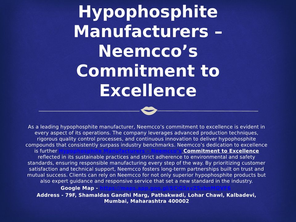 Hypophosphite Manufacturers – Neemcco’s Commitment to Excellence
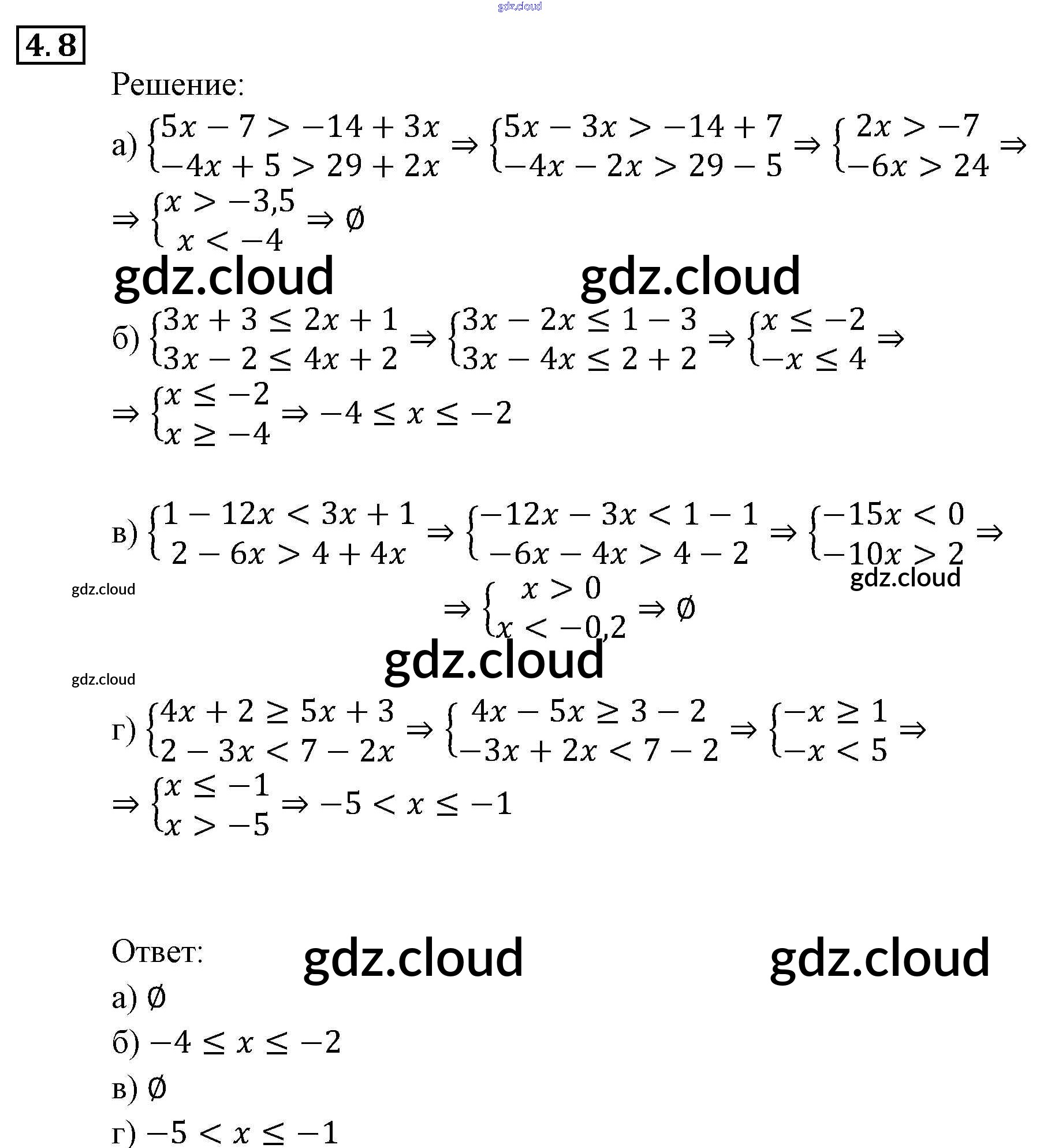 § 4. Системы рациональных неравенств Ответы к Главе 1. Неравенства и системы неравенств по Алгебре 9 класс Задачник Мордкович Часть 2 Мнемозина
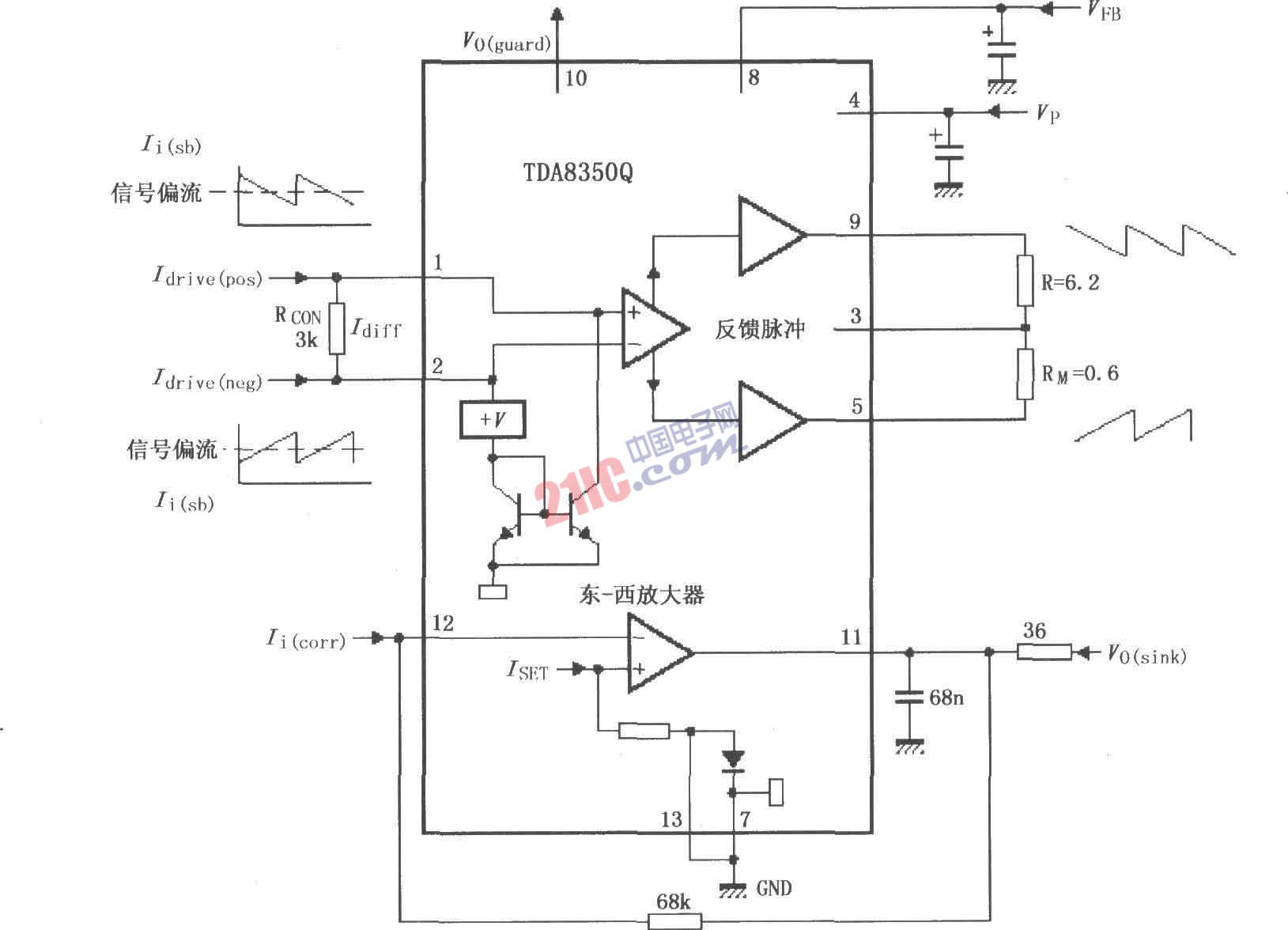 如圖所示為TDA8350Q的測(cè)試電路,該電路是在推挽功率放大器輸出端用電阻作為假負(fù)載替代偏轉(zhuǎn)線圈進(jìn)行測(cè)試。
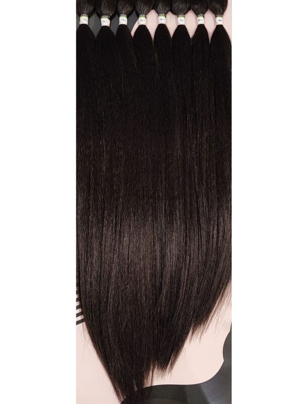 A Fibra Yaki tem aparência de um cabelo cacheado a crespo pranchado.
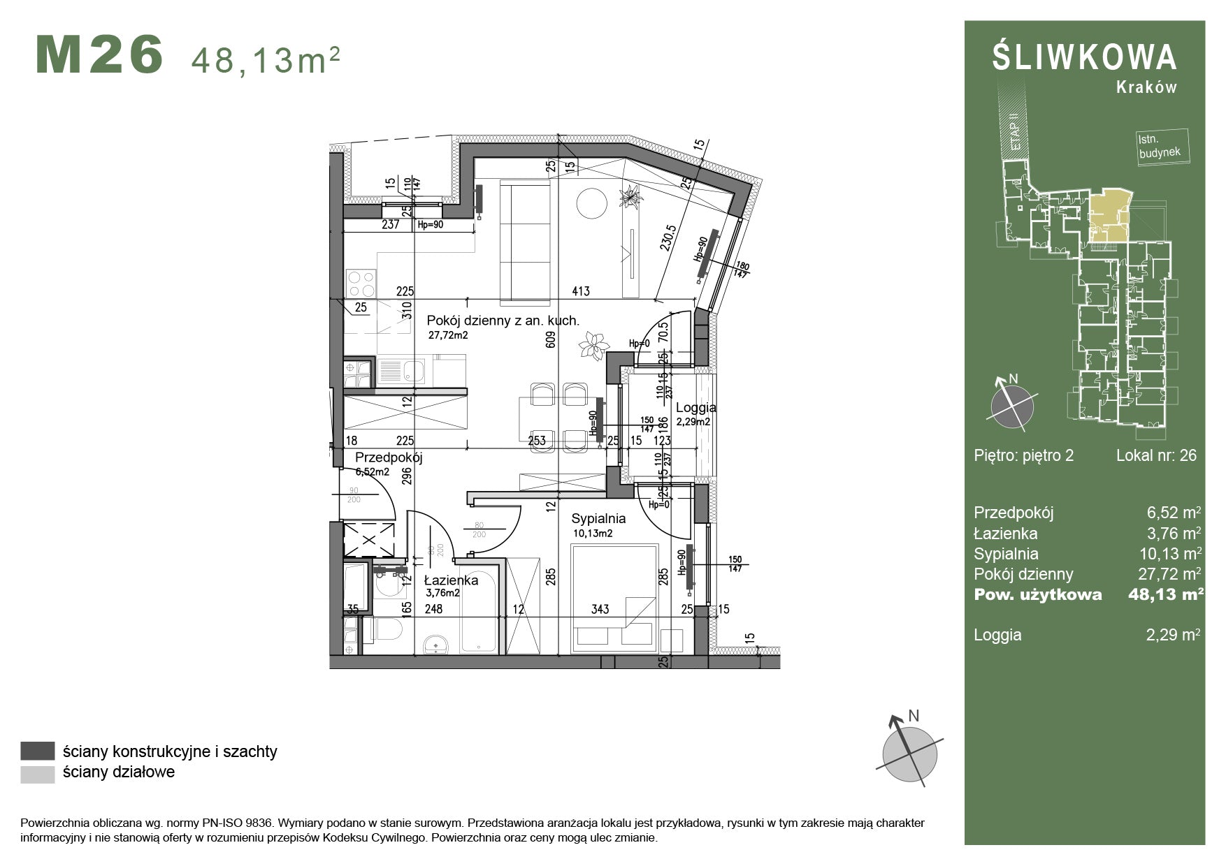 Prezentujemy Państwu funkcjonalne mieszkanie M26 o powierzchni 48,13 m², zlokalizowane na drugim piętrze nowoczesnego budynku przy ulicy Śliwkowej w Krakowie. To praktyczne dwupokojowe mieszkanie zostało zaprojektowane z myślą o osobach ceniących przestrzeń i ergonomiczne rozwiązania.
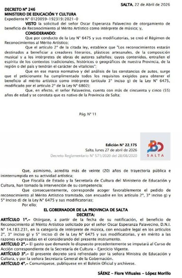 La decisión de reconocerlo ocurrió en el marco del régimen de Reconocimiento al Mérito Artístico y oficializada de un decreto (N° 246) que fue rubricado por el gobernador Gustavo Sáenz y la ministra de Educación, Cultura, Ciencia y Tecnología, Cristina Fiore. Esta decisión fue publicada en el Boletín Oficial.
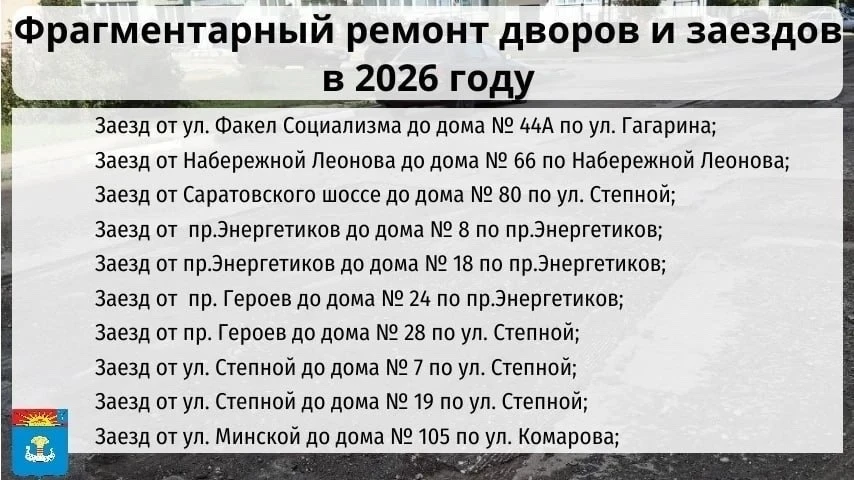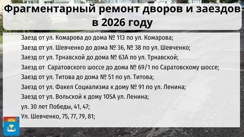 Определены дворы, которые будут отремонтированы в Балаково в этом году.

# [Task to complete]
Omit the pictures; print the records above exactly.

# [Task solution]
 Hypophosphite Manufacturers – Neemcco’s Commitment to Excellence
 § 4. Системы рациональных неравенств Ответы к Главе 1. Неравенства и системы неравенств по Алгебре 9 класс Задачник Мордкович Часть 2 Мнемозина
 如圖所示為TDA8350Q的測(cè)試電路,該電路是在推挽功率放大器輸出端用電阻作為假負(fù)載替代偏轉(zhuǎn)線圈進(jìn)行測(cè)試。
 A Fibra Yaki tem aparência de um cabelo cacheado a crespo pranchado.
 Prezentujemy Państwu funkcjonalne mieszkanie M26 o powierzchni 48,13 m², zlokalizowane na drugim piętrze nowoczesnego budynku przy ulicy Śliwkowej w Krakowie. To praktyczne dwupokojowe mieszkanie zostało zaprojektowane z myślą o osobach ceniących przestrzeń i ergonomiczne rozwiązania.
 La decisión de reconocerlo ocurrió en el marco del régimen de Reconocimiento al Mérito Artístico y oficializada de un decreto (N° 246) que fue rubricado por el gobernador Gustavo Sáenz y la ministra de Educación, Cultura, Ciencia y Tecnología, Cristina Fiore. Esta decisión fue publicada en el Boletín Oficial.
 Определены дворы, которые будут отремонтированы в Балаково в этом году.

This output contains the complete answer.